Jesus Manuel Antúnez Domínguez

Latent space-driven quantification of biofilm formation using time-resolved droplet microfluidics published in Microchemical Journal

Automated segnmentation of bacterial structures within a droplet. The image shows a bright-field microscopy view where a large biofilm region (green, outlined in blue) has been segmented from surrounding features. Small aggregates (yellow contours) are also highlighted. This segmentation enables structural differentiation of biofilm components for downstream quantitative analysis. *(Image by D. Pérez Guerrero.)*

Latent space-driven quantification of biofilm formation using time-resolved droplet microfluidics
Daniela Pérez Guerrero, Jesús Manuel Antúnez Domínguez, Aurélie Vigne, Daniel Midtvedt, Wylie Ahmed, Lisa D. Muiznieks, Giovanni Volpe, Caroline Beck Adiels
Microchemical Journal 225, 117685 (2026)
arXiv: 2507.07632
DOI: 10.1016/j.microc.2026.117685

Bacterial biofilms play crucial roles across diverse contexts, from public health risks to beneficial applications in bioremediation, biodegradation, and wastewater treatment. However, tools that enable high-resolution, dynamic analysis of their responses to environmental cues and collective cellular behaviors remain limited. Here, we present a droplet-based microfluidic platform that combines continuous in situ microscopy with subsequent unsupervised deep learning for quantitative analysis of biofilm development. In our setup, Bacillus subtilis cells are encapsulated in monodisperse aqueous microdroplets containing Lysogeny Broth, suspended in an oil phase and immobilized within microfabricated traps, providing continuous optical access throughout biofilm formation at the water–oil interface. The platform supports both fluorescence and bright-field imaging, enabling high-throughput, time-resolved monitoring of thousands of droplets under controlled conditions. To extract quantitative information from these large datasets, we developed an automated analysis pipeline based on a Variational Autoencoder (VAE) trained directly on microscopy images from our experiments. This unsupervised model enables segmentation and latent-space representation of bacterial structures without manual annotation or synthetic training data. Post-segmentation size thresholding enables classification of bacterial aggregates and larger biofilm-like clusters, including quantification of biofilm porosity, thereby supporting detailed morphological and temporal analyses across droplets and conditions. By integrating droplet microfluidics with unsupervised deep learning, our platform provides a scalable, robust, and rapid approach for high-throughput quantitative studies of biofilm behavior. It resolves complex structural biofilm patterns, bypasses the need for manual annotation, and opens new opportunities to probe environmental determinants of biofilm formation. Departing from earlier methods, our framework fuses biological training data with unsupervised models to quantify microbial community dynamics across scales, offering a generalizable platform for future high-resolution microbiology.

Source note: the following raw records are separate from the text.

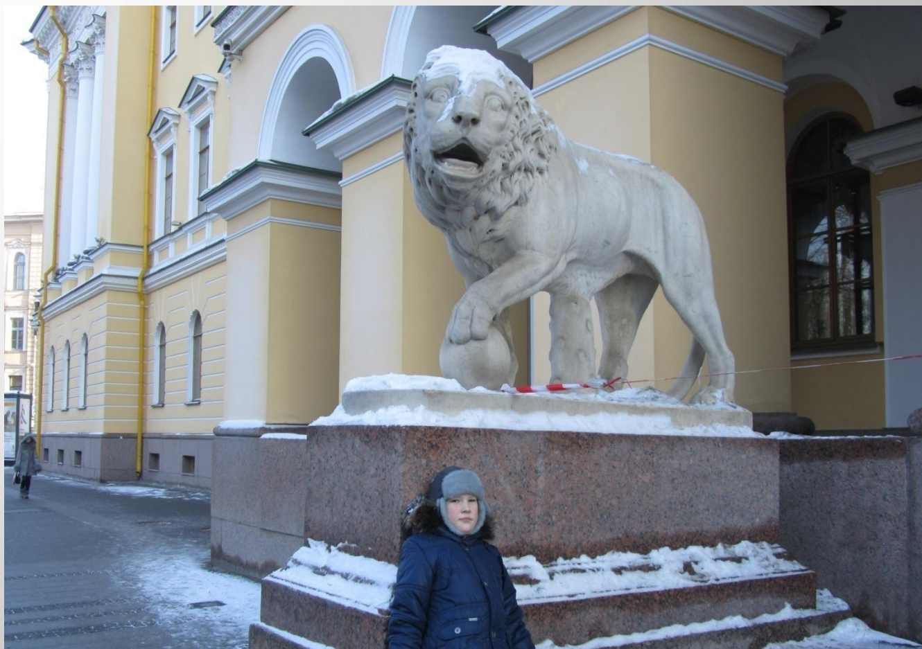
Мраморные львы на Адмиралтейском проспекте у дома Лобанова-Ростовского
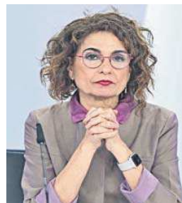
María Jesús Montero.

fiscales europeas. “Este Gobierno se guiará, como el anterior, por el rigor en las cuentas públicas y la prudencia a la hora de presupuestar por el compromiso con la consolidación fiscal”, ha asegurado la vicepresidenta cuarta y ministra de Hacienda y Función Pública, María Jesús Montero, en la rueda de prensa posterior al Consejo de Minis-
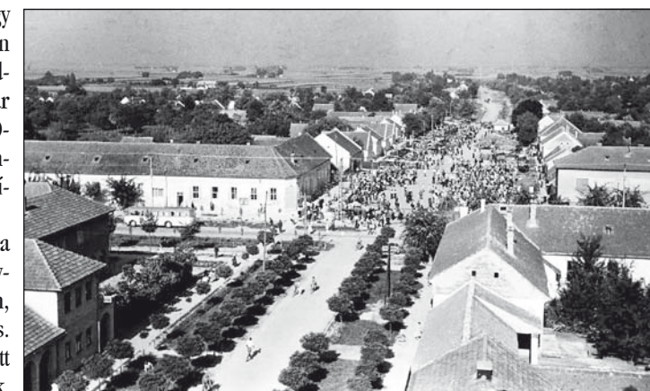
Temerin központja az 1960-as években, balról a Kalmár-ház

Apa és fia, ők ketten dolgoztak, esztergályoztak és csapágyakat is készítettek. Kerestek helyet az új üzemnek. Felajánlottam nekik a központban, a kultúrthoz udvarában levő területet, amelyen a Petőfi birtok traktorokat és más mezőgépeket tartott az ott levő garázsokban. A Petőfi igazgatóját megkértem, a traktorokat vigyék ki a másik telepükre. Itt kezdődik a temerini görgőscsapágygyár története. Nagyon gyorsan felfejlődtek, két

Poster by J. Dominguez at the Protein Folding in Real Time conference, Stockholm, 11 March 2026

Brightfield image of biofilm inside the droplet where motile aggregates are highlighted in yellow, biofilm mass in blue, and open patches in the structures due to dispersal in orange. *(Image from D. Pérez and J. Domínguez)*

Quantitative Analysis of Dynamic Biofilm Structures via Time-Resolved Droplet Microfluidics and Artificial Intelligence
Daniela Pérez Guerrero, Jesús Manuel Antúnez Domínguez, Aurélie Vigne, Daniel Midtvedt, Wylie Ahmed, Lisa Muiznieks, Giovanni Volpe and Caroline Beck Adiels
Date: 11th March 2026
Time: 18:00 – 20:00
Place: Aula Medica, Karolinska Institute, Solna
Conference Protein Folding in Real Time, 11-13 March 2026, Stockholm, Sweden

Droplet Microfluidics offers a powerful approach to study the spatiotemporal dynamics of biofilm formation at high resolution and throughput. By encapsulating microbial communities within controlled microenvironments, it becomes possible to monitor biofilm development continuously using time-lapse imaging, capturing transitions from initial attachment to maturation and dispersal. To make sense of these complex, high-dimensional datasets, we are developing an unsupervised variational autoencoder framework that can automatically identify and separate distinct stages of biofilm growth without prior labeling. This approach enables the extraction of latent features that characterize structural and behavioral shifts within the biofilm over time. In this context, protein folding may play a critical role in regulating both the establishment and dispersal of biofilms, as the conformational states of key structural and regulatory proteins can influence adhesion, matrix production, and the transition back to planktonic states.

Myxococcus xanthus for active matter studies: a tutorial for its growth and potential applications published in Soft Matter

*Myxococcus xanthus* colonies develop different strategies to adapt to their environment, leading to the formation of macroscopic patterns from microscopic entities. *(Image by the Authors of the manuscript.)*

Tutorial for the growth and development of Myxococcus xanthus as a Model System at the Intersection of Biology and Physics
Jesus Manuel Antúnez Domínguez, Laura Pérez García, Natsuko Rivera-Yoshida, Jasmin Di Franco, David Steiner, Alejandro V. Arzola, Mariana Benítez, Charlotte Hamngren Blomqvist, Roberto Cerbino, Caroline Beck Adiels, Giovanni Volpe
Soft Matter 21, 8602-8623 (2025)
arXiv: 2407.18714
doi: 10.1063/5.0235449

Myxococcus xanthus is a unicellular organism known for its capacity to move and communicate, giving rise to complex collective properties, structures and behaviors. These characteristics have contributed to position M. xanthus as a valuable model organism for exploring emergent collective phenomena at the interface of biology and physics, particularly within the growing domain of active matter research. Yet, researchers frequently encounter difficulties in establishing reproducible and reliable culturing protocols. This tutorial provides a detailed and accessible guide to the culture, growth, development, and experimental sample preparation of M. xanthus. In addition, it presents several exemplary experiments that can be conducted using these samples, including motility assays, fruiting body formation, predation, and elasticotaxis—phenomena of direct relevance for active matter studies.

Jesús Domínguez defended his PhD thesis on 6 September 2024. Congrats!

The three platforms developed to observe and characterise bacterial collective behaviour in different conditions. *(Image by J. Dominguez.)*

Jesús Manuel Antúnez Domínguez defended his PhD thesis on 6 September 2024. Congrats!
The defense took place in PJ, Institutionen för fysik, Origovägen 6b, Göteborg.

Title: Microscopic approaches for bacterial collective behaviour studies.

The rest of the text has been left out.